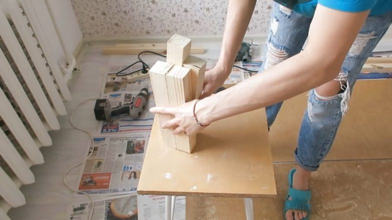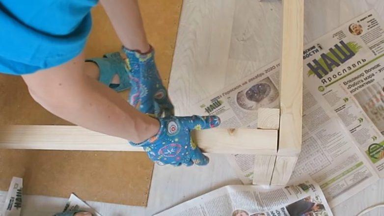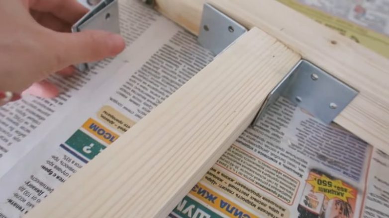 Из тех же брусков строим основание. Присоединяем планку по середине корпуса с помощью клея ПВА для дерева и саморезов, а также дополнительно укрепляем уголками.
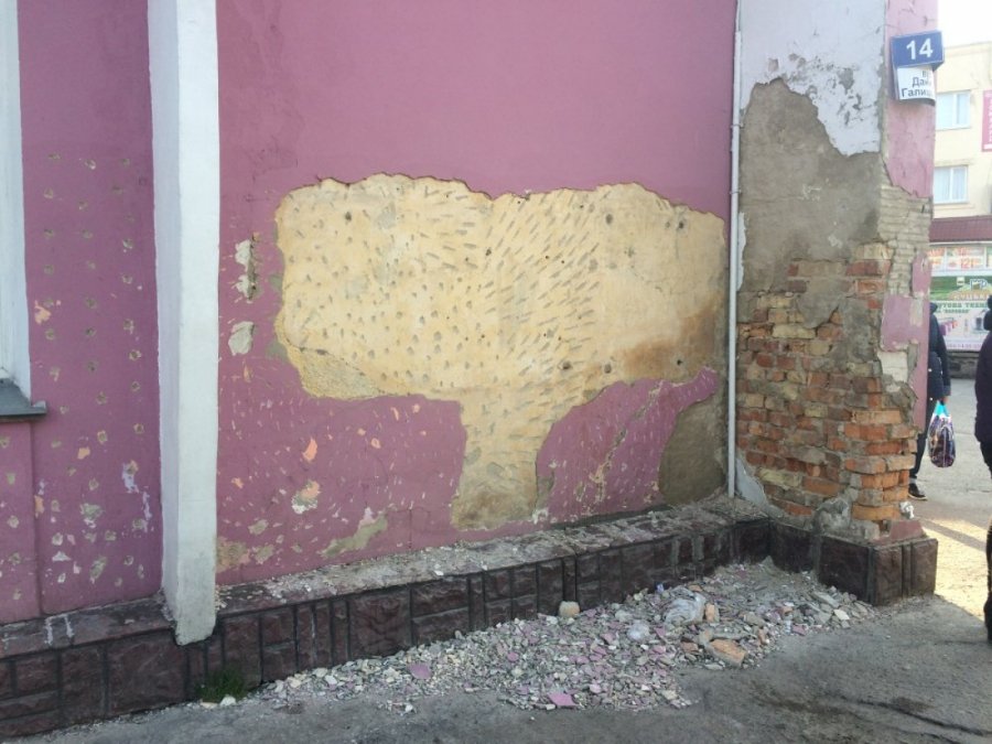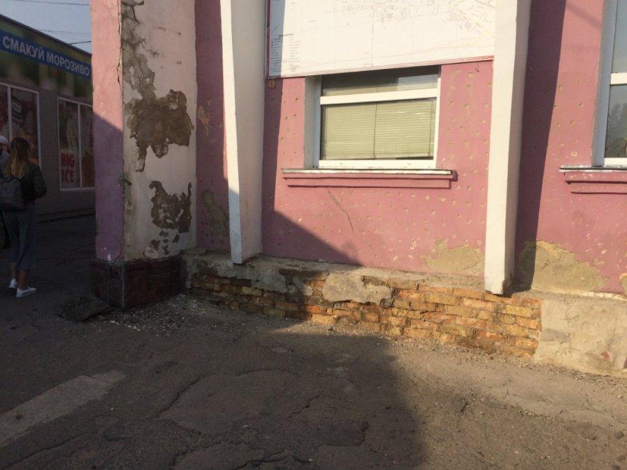 Втім, за ремонт фасаду автостанції таки взялися: зняли стару штукатурку і наносять нову.
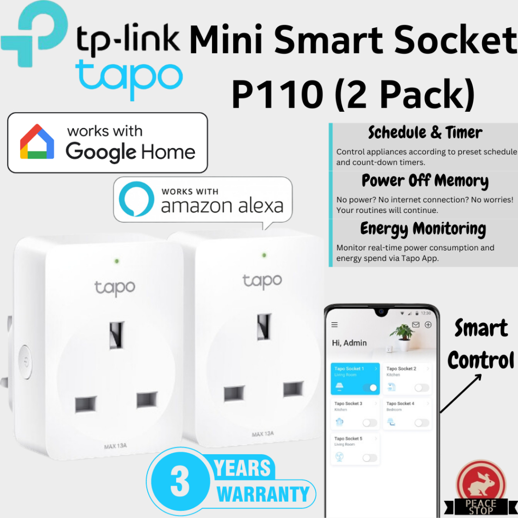 [Local Warranty] 2 PACK Tp Link -Tapo P100 / P110 Mini Smart WiFi Socket Smart Home Power Socket Plug Alexa Google
-=-=-=-=-
Activity.
Line by line, reproduce the material above exactly, leaving each picture out.

Solution to the problem.
 Из тех же брусков строим основание. Присоединяем планку по середине корпуса с помощью клея ПВА для дерева и саморезов, а также дополнительно укрепляем уголками.
 Втім, за ремонт фасаду автостанції таки взялися: зняли стару штукатурку і наносять нову.
 [Local Warranty] 2 PACK Tp Link -Tapo P100 / P110 Mini Smart WiFi Socket Smart Home Power Socket Plug Alexa Google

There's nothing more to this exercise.